Additionally, the presence of those terms on the top of a letter does not automatically categorize the communication as a privileged one. In Abrams v. Grant [1978] O.J. No. 2283, Steel J. confirmed that courts will go beyond the writing to find the real intention of the party in the communication. 

[…] the mere words “without prejudice attached to a letter do not make a document privileged and therefore protected from discovery or being admitted as evidence at trial. It is the intention of the writer and the content of the letter that govern whether or not the document is privileged.

According to Steel J., the intention is the key. If the correspondence is to make overtures for compromise or settlement, the document will be protected by the privilege. However, according to Gemma Lampert, senior associate in the dispute resolution team at UK law firm Dundas & Wilson, “the without prejudice rule is not absolute and even communications made in an attempt to settle a dispute may be admissible if the case requires it”.

The use of this expression in a communication between a client and his solicitor is unnecessary, of course, because this type of correspondence is protected by the solicitor-and-client privilege.

The “Confidential and legally privileged” notice is also widely used in correspondence. When used at the end of an email, this notice serves more as an intimidation tool, rather than a legal one. Most of the time, the recipient is not someone to whom a privileged communication protection could be expected. In D. v.

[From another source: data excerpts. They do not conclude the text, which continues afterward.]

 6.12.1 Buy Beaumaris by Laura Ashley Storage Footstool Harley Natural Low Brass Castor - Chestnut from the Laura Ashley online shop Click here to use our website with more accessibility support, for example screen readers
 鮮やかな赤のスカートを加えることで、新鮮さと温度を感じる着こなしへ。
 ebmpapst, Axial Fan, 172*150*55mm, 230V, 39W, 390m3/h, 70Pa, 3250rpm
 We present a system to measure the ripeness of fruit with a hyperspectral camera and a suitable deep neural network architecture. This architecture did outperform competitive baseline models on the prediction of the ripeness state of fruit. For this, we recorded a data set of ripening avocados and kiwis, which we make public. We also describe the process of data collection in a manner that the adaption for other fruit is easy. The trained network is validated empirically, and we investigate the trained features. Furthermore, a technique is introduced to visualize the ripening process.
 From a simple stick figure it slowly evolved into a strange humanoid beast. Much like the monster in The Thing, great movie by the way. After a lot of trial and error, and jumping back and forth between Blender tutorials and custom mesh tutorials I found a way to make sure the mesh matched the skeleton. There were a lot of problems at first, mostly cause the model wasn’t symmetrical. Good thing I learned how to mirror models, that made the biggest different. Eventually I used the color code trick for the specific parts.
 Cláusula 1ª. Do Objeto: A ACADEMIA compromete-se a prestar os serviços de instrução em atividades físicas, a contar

National Society for prevention of Cruelty of Children [1978] AC 171, four fundamental conditions were recognized for a confidential communication to be privileged. 

  1. the communications must originate in a confidence that they will not be disclosed;
  2. this element of confidentiality must be essential to the full and satisfactory maintenance of the relation between the parties;
  3. the relation must be one that the opinion of the community ought to be sedulously fostered;
  4. the injury that would inure to the relation by the disclosure of the communications must be greater than the benefit thereby gained for the correct disposal of the litigation.

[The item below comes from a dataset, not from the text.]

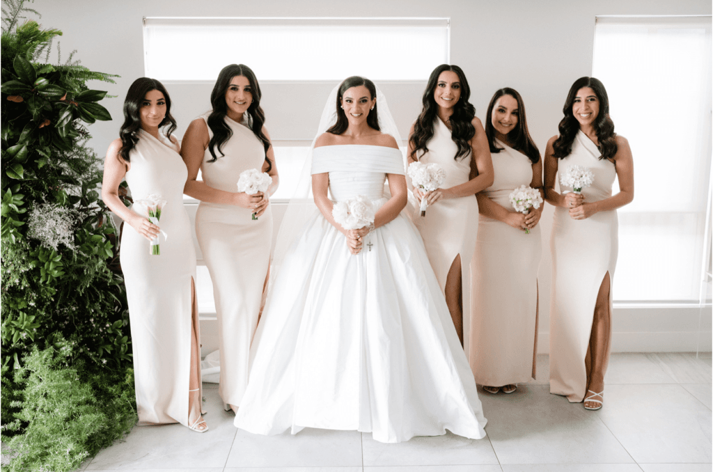 Kristen herself is a florist and installed all the florals for her home, “Everyone thought I was crazy for designing and installing the flowers for my home. They kept saying to just rest but I love keeping myself (a little too) busy. I knew I wanted lots of greenery. As a florist, I think people underestimate what foliage and greenery can bring. It’s gorgeous on its own. There’s something special about doing something like that for your own wedding day!”
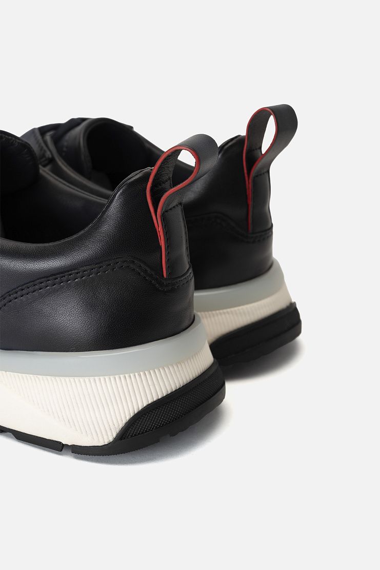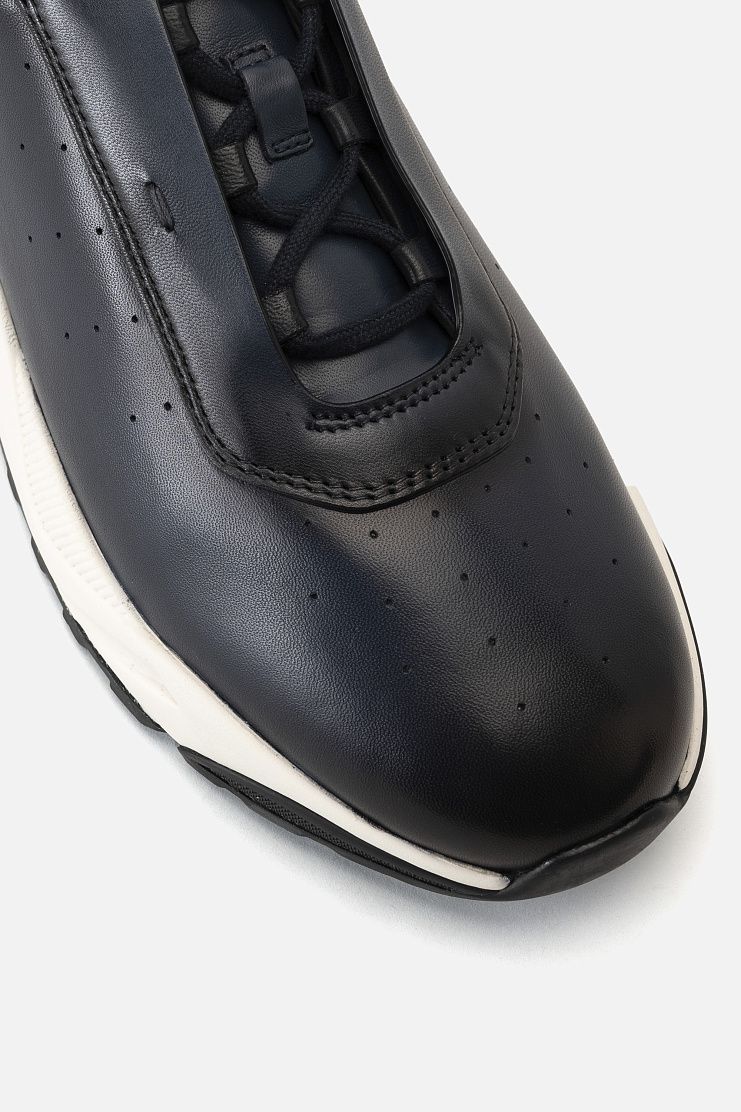 Кроссовки сшили из гладкой перфорированной кожи, окрашенной в технике velatura для создания эффекта градиента. Модель на широкой подошве дополнили шнуровкой и петлей на заднике.

A simple “confidentiality notice” will more than suffice, because the objective is to avoid the divulgation of the information that is contained within the email. The confidentiality notice will even cover the privileged communication because all privileged communications are confidential but not all confidential communications are privileged. This is where we usually err! 

Remember, everything should be used moderately. It is more valuable to use the right words at the right moment than unnecessarily intimidating words.

Comments

  1. Christell: In many cases, lawyers stick a without prejudice on every letter they write, more times than not simply to add sting, as a badge of temerity or brashness, so much so that you will routinely see it stamped or printed on letters clearly intended to be with prejudice, such as a letter which purports to confirm a settlement.

    If a letter is written without prejudice, the rule of thumb is that it is privileged and cannot be used in Court as evidence. However, in some jurisdictions, there has been so much abuse of this caution that no such privilege is extended to any letter marked without prejudice unless in fact the letter actually advances a settlement or otherwise is part of some such negotiation towards settling.

  2. Robert S. Doggett

    If within the text of a without Prejudice letter, there are false statements of facts (which the parties know to be false) and this letter contains a settlement offer, is is still considered priviledge?, Can this letter be used as evidence if the settlement part is removed?

    From my understanding, the courts want honest attempts to settle and lies within these “without prejudice” letters defiet this purpose.